III. ANMERKUNG DES VERFASSERS:

Der Bundesfinanzhof hat die strengen Anforderungen an die substantiierte Darlegung eines anderen Geschehensablaufs als in der Zustellungsurkunde bekundet vorliegend als erfüllt erachtet.

Insofern wurde dezidiert und unter Beweisantritten für jede einzelne Tatsache zu den exakten Öffnungszeiten der Kanzlei am streitigen Zustellungstag vorgetragen, ferner zu den Präsenzen der LedererLaw

Kanzleiangestellten sowie zu den kanzleiweiten Prozessabläufen für die Posteingangsbearbeitung nebst Fristenkontrolle. Entsprechende Dokumentationen und Kontrollmechanismen sind wie vorliegender Streitfall verdeutlicht unerlässlich.

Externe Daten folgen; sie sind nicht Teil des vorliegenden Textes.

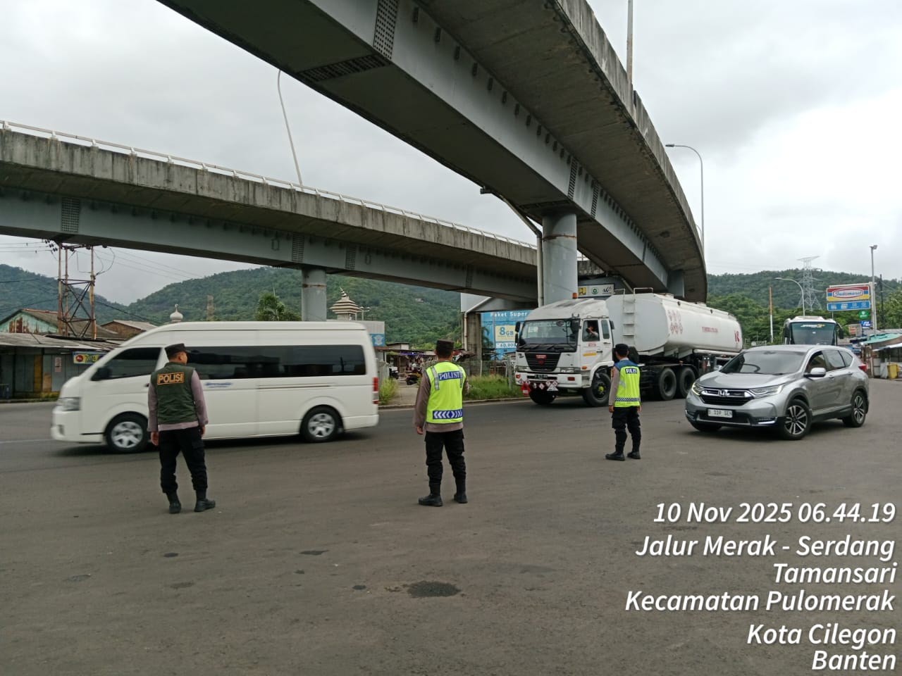 Polsek KSKP Merak Pastikan Kelancaran Arus Kendaraan di Pelabuhan Merak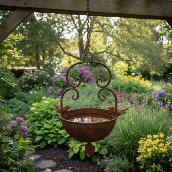 Antique Style Haning Bird Bath Feeder in Rust (MOQ4/PPU)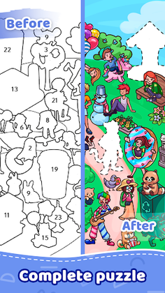 Indulge your senses with the soothing atmosphere and vibrant animations that breathe life into every stroke. Engage your mind and unwind as you paint by numbers and assemble intricate puzzles, all while unlocking new levels and rewards.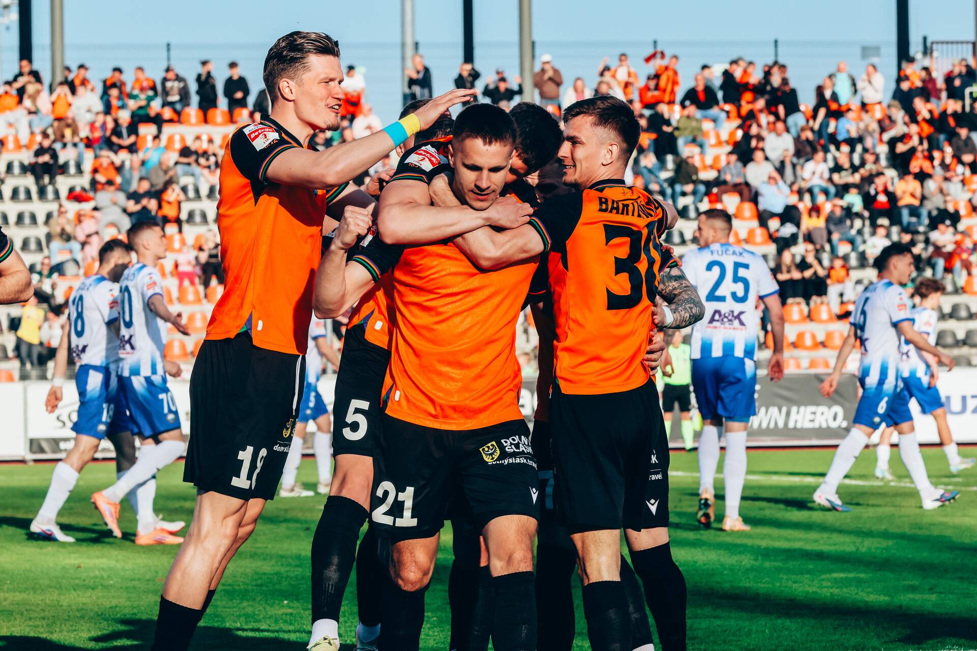 Chrobry Głogów - Stal Mielec 2:1 Punkty zostają w Głogowie. Chrobry pokonuje Stal Mielec 2:1. 17-04-2026 07:45 autor: ŁJ CHROBRY GŁOGÓW - STAL MIELEC 2:1 (2:1) 1:0 Jehor Cykało 2 (s) 2:0 Radosław Bąk 28 2:1 Jakub Grič 39 (s) CHROBRY: 99. Dawid Arndt - 21. Michał Kozajda, 18. Myrosław Mazur, 8. Jakub Grič, 28. Jakub Lis - 27. Kacper Laskowski, 7. Sebastian Bonecki (67, 23. Szymon Lewkot), 5. Radosław Bąk (90, 44. Albert Zarówny), 16. Robert Mandrysz, 30. Szymon Bartlewicz (60, 72. Kuba Szabłowski) - 11. Sebastian Strózik (67, 9. Mateusz Ozimek). STAL: 99. Maciej Gostomski - 27. Ale Díez (89, 11. Kamil Odolak), 70. Jehor Cykało, 15. Marvin Senger, 5. Hubert Matynia (46, 22. Matija Kavčič) - 90. Paweł Kruszelnicki, 24. Chema Núñez, 18. Piotr Wlazło, 6. Jošt Pišek, 78. Kamil Cybulski (73, 71. Jakub Kowalski) - 25. Kristian Fućak. ŻÓŁTE KARTKI: Mazur - Matynia. SĘDZIOWAŁ: Sebastian Krasny (Kraków).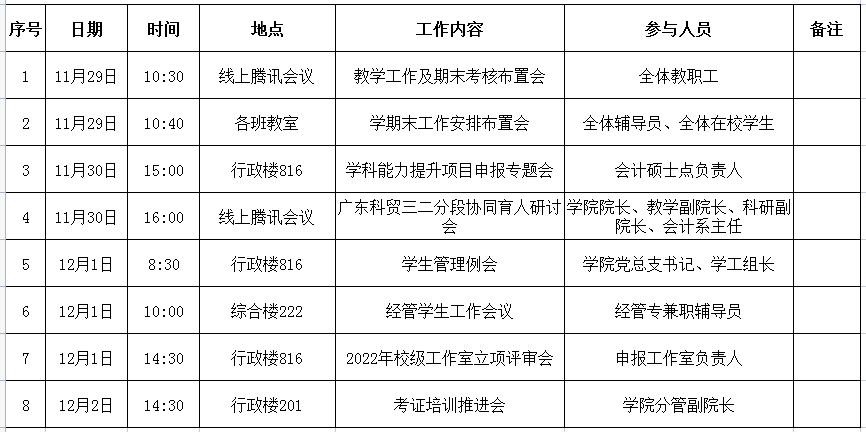 William威廉官网第14周周程及重点工作安排表

Der bauliche Zuschnitt der Kanzlei war ebenfalls substantiiert nebst Grundriss und Fotos zu belegen. Dies war auch durch die Lage der Kanzlei in einem Bürokomplex mit einer Vielzahl von Parteien und einer gemeinschaftlichen Briefkastenanlage im Erdgeschoss veranlasst. Dass die Zustellungen der Deutsche Post AG insbesondere zur streitgegenständlichen Vorweihnachtszeit erheblich fehlerbehaftet sind, wurde durch Vorlage des Originalberichts des NDR Fernsehens vom 03.12.2014 belegt.

Im Ergebnis ist entscheidend, dass die weit verbreitete Praxis von Postzustellern, Briefe gegen Postzustellungsurkunde in (irgend) einen Briefkasten einzuwerfen, ohne zuvor die persönliche Übergabe in einer durchgehend besetzten Kanzlei vorgenommen zu haben, Rechtsstreite wie vorliegenden provoziert. Es wäre zu begrüßen, wenn die Finanzbehörden diesem Umstand im Rahmen ihrer pflichtgemäßen Ermessensausübung Rechnung tragen und dem Rechtsschutzbegehren des Steuerpflichtigen zur Prozessvermeidung abhelfen.